Perhaps it’s inappropriate to read a whole lot into the brouhaha surrounding Sarah Palin’s cruel tribute to waterboarding as “how we baptize terrorists.” But certainly a fair number of conservative Christians though otherwise, and the inimitable Sarah Posner helps explain why:
Like many from a similar Christian tradition, Palin sees herself as a warrior for God, engaged in spiritual warfare to save America from evil and to keep America Christian. But in joking that torture was like a baptism, Palin revealed her view of evangelization as an act of force, not love, and her view of salvation as something one imposes on irredeemable enemies, who further prove their lesser worth by protesting and resisting it. Get it? It just shows how the Muslims can’t even see how something “so cool” is actually good for them.
No wonder many conservative Christians are aghast. But even setting aside the underlying meaning of Palin’s torture “joke,” her speech, once again, exposes a rift between traditional or orthodox (and politically active) Christian conservatives and the charismatic and Pentecostal movement of which Palin is a part. (I hesitate to say that Palin “represents” it because she more represents a Palin brand, although by virtue of her public profile she does in a way represent it.) In Palin’s mind, she’s engaged in spiritual warfare with spiritual enemies. She believes herself to be acting out God’s will. She believes her prayer warriors will protect her. She believes in the spiritual gifts of revelation and prophecy, which for many charismatic and Pentecostal believers are real phenomena, but are easily manipulated by religious charlatans, and when translated to the political stage are dangerously inflammatory.

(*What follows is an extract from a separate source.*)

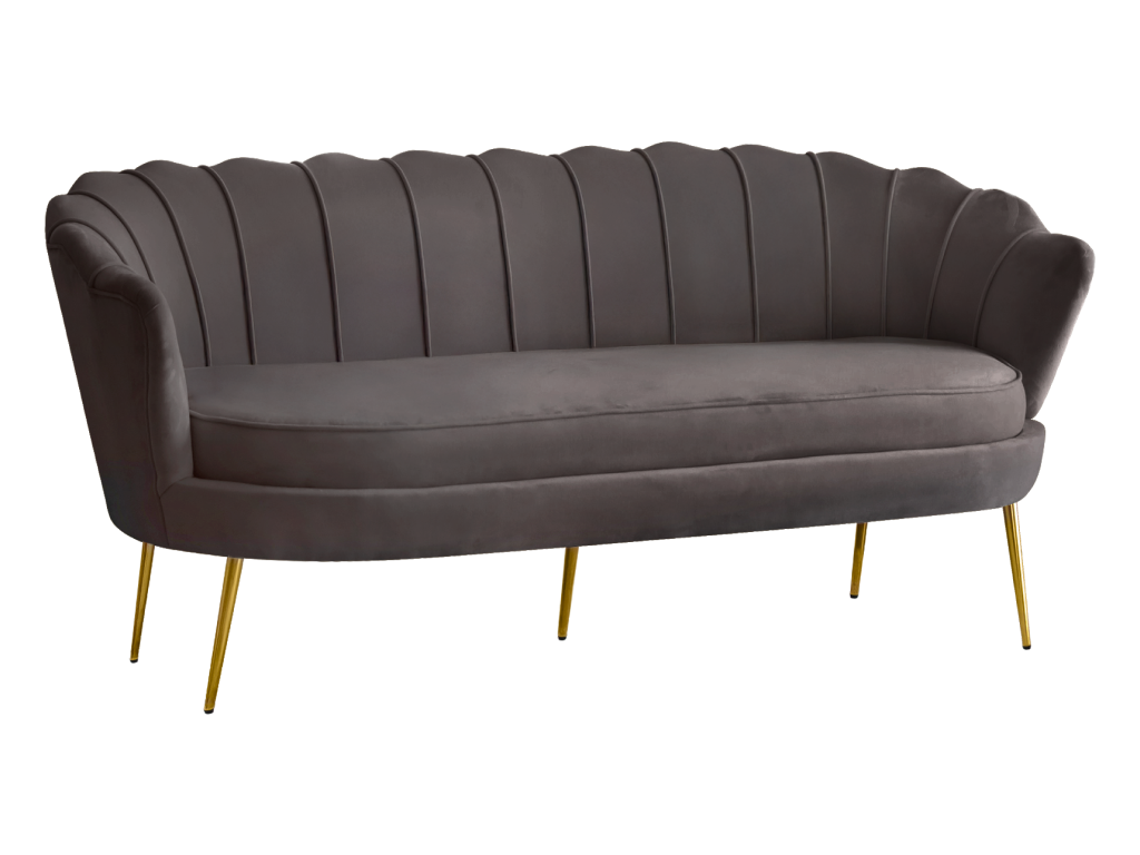 Luxusní pohovka, 3-sed, šedá Velvet látka/zlatá, Art-deco, NOBLEO TYP 2

The treatment of baptism as “an act of force” may be characteristic of a particular strain of contemporary conservative Protestantism in its culture-war armor. But without question, it’s a throwback to the Christian militancy of earlier centuries (including the last one in places like Spain), in which non-Christians were treated as sub-human, heretics were racked and burned “for their own good,” and tolerance of unbelief or variable belief was considered a betrayal of the manifest Truth. (When the unitarian Michael Servetus was condemned to death in Calvin’s Geneva, the great Reformer blamed his victim for the stupidity of thinking “I could suffer him to leave here alive”).
And lest we dismiss Palin’s outburst as simply the ignorant repetition of a line penned by some Breitbartian speechwriter, we should pause to consider its impact on those within earshot of jihadists who claim Americans are just beneath the surface the same “Crusaders” who put Muslims to the sword if they refused to convert and be baptized. That ludicrous libel begins to sound credible in the dark shadow of Palin’s taunt.